Instructions for the task: Images are not part of the copy; write out the rest of the data exactly as given.

Given data:
—————

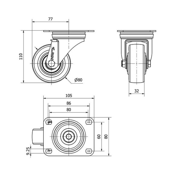 Rueda poliuretano giratoria Alex diametro 80 mm. modelo 2-4221
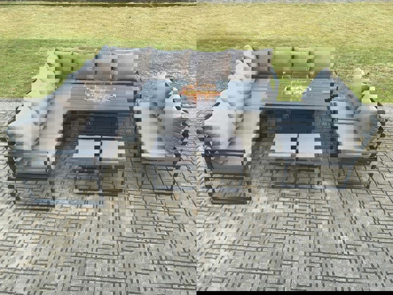 This aluminium gas fire pit sofa dining set is designed for relaxed outdoor dining and lounging on your patio or in the garden. Finished in dark grey powder coating with matching dark grey fabric, it brings a coordinated look to your seating area while keeping everything together in one set.
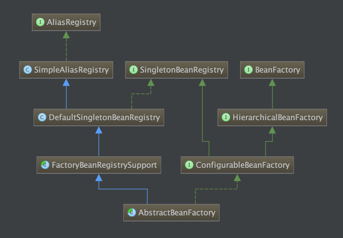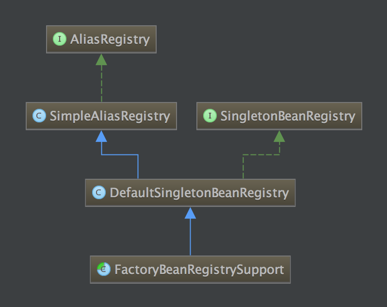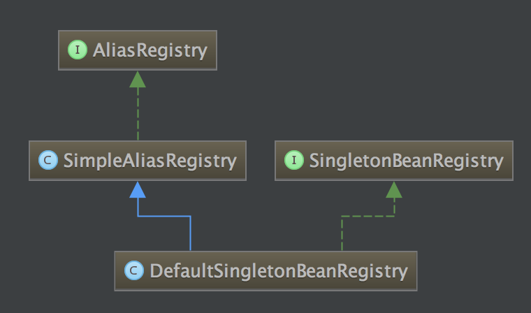 DefaultSingletonBeanRegistry是默认的实现SingletonBeanRegistry接口的类,同时,继承类SimpleAliasRegistry.

—————

Completed task:
 Rueda poliuretano giratoria Alex diametro 80 mm. modelo 2-4221
 This aluminium gas fire pit sofa dining set is designed for relaxed outdoor dining and lounging on your patio or in the garden. Finished in dark grey powder coating with matching dark grey fabric, it brings a coordinated look to your seating area while keeping everything together in one set.
 DefaultSingletonBeanRegistry是默认的实现SingletonBeanRegistry接口的类,同时,继承类SimpleAliasRegistry.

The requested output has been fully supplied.